Текст книги "Ты и я"
Автор книги: Оливия Уэдсли
Жанр:
Классическая проза
сообщить о нарушении
Текущая страница: 6 (всего у книги 13 страниц)
Глава XI
"Наконец-то я снова живу", – думала Тото, голодная и счастливая, откусывая кусок забавного толстого бутерброда и ласково поглядывая на баварцев в их шляпах-котелках, украшенных бантами.
Бавария – Вауеrn – шипящий акцент, странные наряды мужчин, запах горячего кофе, который развозят по платформе, толпы встречающих, смех и плач, зимнее солнце, купе с плюшевыми диванчиками, горячий пол, обжигающий подошвы! Все напоминало встречу с добрым старым другом! Все было овеяно тихой радостью возвращения домой! Каждый телеграфный столб, казалось, спешил ей навстречу, шепча слова привета!
Карди, Тото и Скуик проделали тот же путь два года тому назад. Но Тото не позволяла себе возвращаться к этим воспоминаниям. Не надо думать о Карди – он уже не прежний Карди и не будет прежним никогда.
– Einsteigen! – проревел кондуктор, и Тото, взобравшись по высоким ступенькам, уселась в своем уголке и задумалась о власти любви все изменять и преображать.
Пока не любишь – ты простой смертный, один из многих, добр понемножку ко всем, рад помочь другому. Но стоит полюбить – и ты уже весь принадлежишь одному существу, и никто больше, ни одна душа ничего не значат для тебя. С этим ничего уж не поделаешь, очевидно. Так было с Карди. И с Викторин тоже. Теперь кажется неправдоподобным, что какие-нибудь шесть месяцев тому назад Карди принадлежал ей и был как будто доволен. Но стоило Вероне позвать – и Карди, ее и Скуик, перестал существовать.

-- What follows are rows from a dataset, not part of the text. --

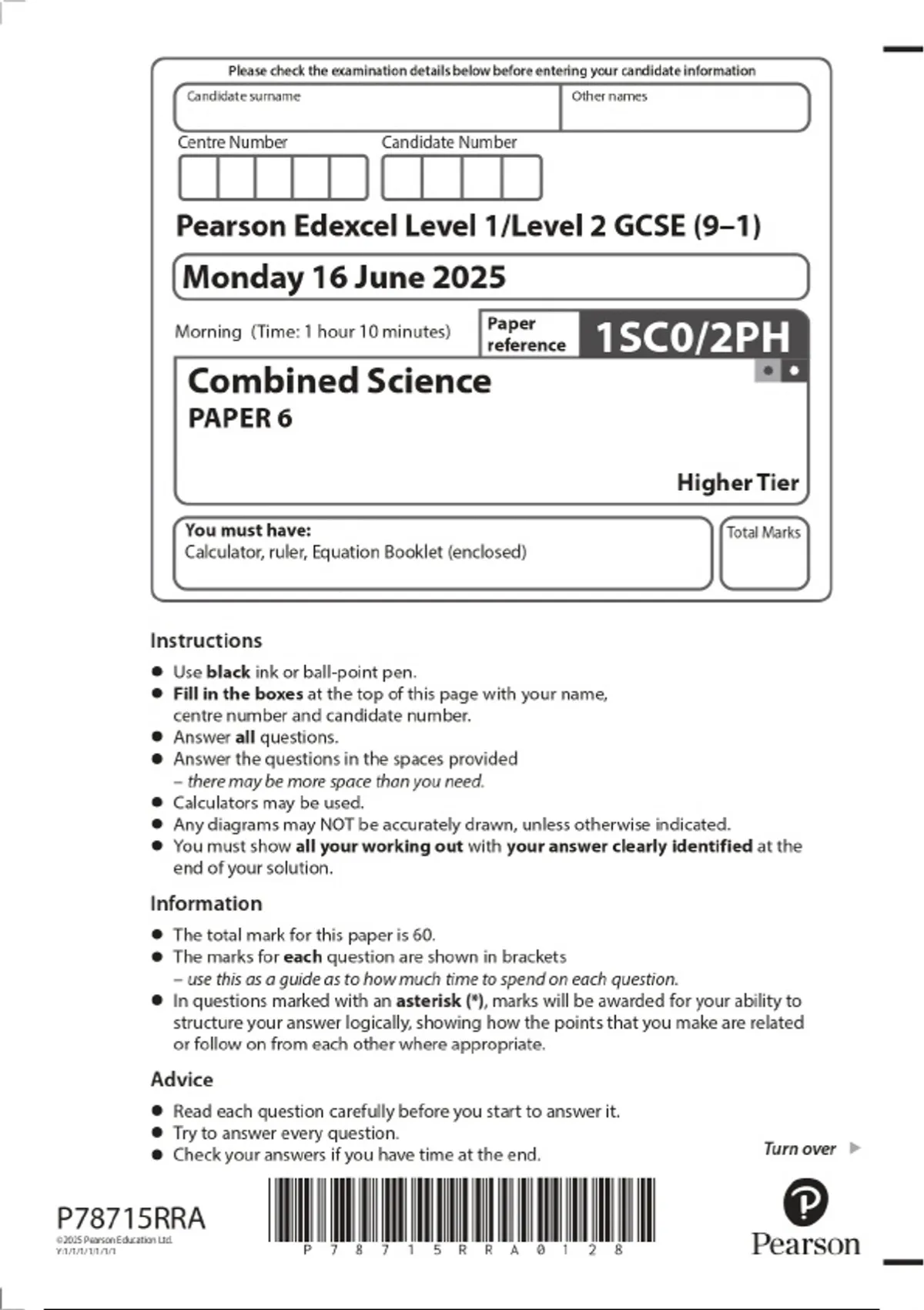 2025 Pearson Edexcel Level 1/Level 2 GCSE (9–1) Combined Science PAPER 6 Higher Tier Combined Question Paper and Final Marking Scheme
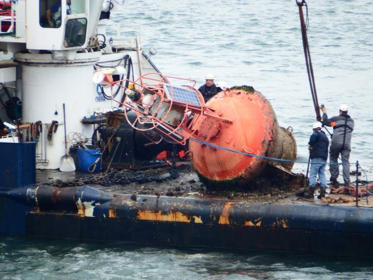 French buoy tender Hauts de France attending to a buoy in Dunkerque West. The new LNG terminal nearing completion can be seen in the background.
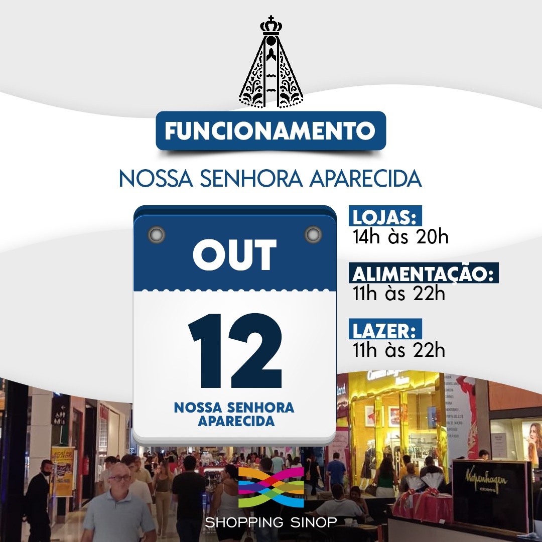O Shopping Sinop terá horário especial de atendimento durante o feriado do dia 12 de Outubro, no qual celebra-se o Dia de Nossa Senhora Aparecida e o Dia das Crianças.

"А все-таки я не забыла бы Карди, даже если бы полюбила кого-нибудь, – думала Тото. – Никак не могла бы забыть, как чудесно нам жилось вместе. Когда у меня болело горло, например, дэдди ради меня отказался от поездки на яхте, остался со мной в Биаррице и учил меня играть на пианоле, и мы клеили с ним карусели и вырезывали человечков из коричневой бумаги, – а ведь это было всего два года тому назад".
Она вздрогнула: сосед по купе уронил к ее ногам книгу и, поднимая, рассыпался в извинениях.
Тото улыбнулась ему, ответила несколькими словами по-немецки, заметила, что он высок ростом, белокур и чересчур тщательно одет, – и тут же забыла о его существовании.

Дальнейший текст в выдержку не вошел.